In an intensely regulated industry, earned competence translates into steady leadership and operational precision. Just as important is how women build within the industry. Rather than approaching cannabis as purely competitive, many lean into collaboration.

“Women in cannabis are not just competitors; we’re ecosystem builders,” Johnson said. “When we share information, mentor intentionally, and create spaces for one another, we strengthen the entire industry.”

But nurturing energy is often misunderstood. In cultivation, nurturing translates into patience, observation, and respect for process. In operations, it shows up as team development, training, and culture-building. In retail and product development, it means designing experiences that consider patient comfort, dosing clarity, and safety. In cannabis, nurturing is operational excellence.

Competence builds credibility. Collaboration builds longevity. Together, those strengths are quietly reshaping cannabis leadership.

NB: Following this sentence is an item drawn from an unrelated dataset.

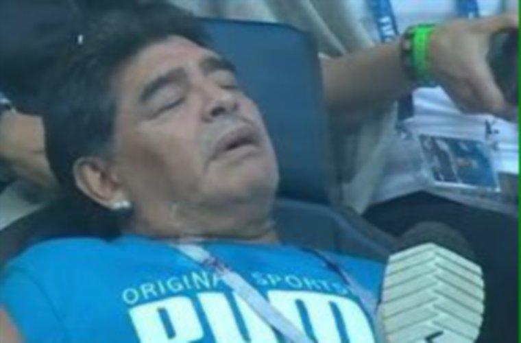 Diego Armando Maradona armó su “show” en San Petersburgo: se colgó eufórico del palco, se durmió, bailó cumbia con una nigeriana, abrió los brazos al cielo y lo tuvieron que sacar del estadio en deplorables condiciones tras la dramática victoria de Argentina 2-1 ante Nigeria.

How women build credibility and influence

Women still often feel the need to prove themselves in cannabis. Every time a woman structures a deal thoughtfully, masters compliance, or builds a sustainable operation, she makes it easier for the next woman to do the same. According to Johnson, three key principles matter:

  • Know compliance deeply. Cannabis is not just culture. It is also contracts, capital, and regulation. In this industry, compliance is strategy.
  • Gain operational fluency. Spend time in cultivation rooms, on retail floors, in inventory audits, and in financial reviews. This industry rewards ecosystem understanding.
  • Protect your equity. Structure deals carefully. Seek strong counsel. Ownership determines long-term impact.

The next frontier is power, policy, and staying power

When Johnson talks about the future, she doesn’t start with market share or valuations. She starts with space.

She imagines a dedicated gathering. Not another trade show floor or rushed networking reception, but a cannabis women’s retreat. A place where operators, cultivators, founders, and executives can step away from the daily grind and have honest conversations about what leadership truly requires.

“We need a cannabis women’s retreat to share knowledge, focus on wellness, and build strategy together,” she said. “An environment where women can talk candidly about capital, leadership, burnout, and growth while reconnecting with the plant in a grounded, responsible way.”

That vision is about more than community. It’s about sustainability. An industry as complex as cannabis demands leaders who are not only ambitious but also supported. And the work does not stop at retreats or roundtables. The next frontier is policy. We need more women shaping regulatory frameworks, influencing compliance strategy, and guiding legislative evolution.

The history of the cannabis industry is still being written in real time, and the person who holds the pen matters.


Jane Sandelman Cannatrol

Jane Sandelman is co-founder and chief executive officer of VT Dry & Cure Technologies, the makers of Cannatrol, which provides technology that improves post-harvest processing while boosting efficiency and product quality for operators worldwide. A veteran corporate marketer and entrepreneur, Jane led Cannatrol to triple-digit growth in 2023. Her background in consumer-packaged-goods product development and marketing includes senior management roles with multinational firms Reckitt Benckiser, Block Drug, and The Mennen Company. She also served as director of consumer insights for market research company IRI Worldwide and led the Pfizer Consumer Healthcare product team.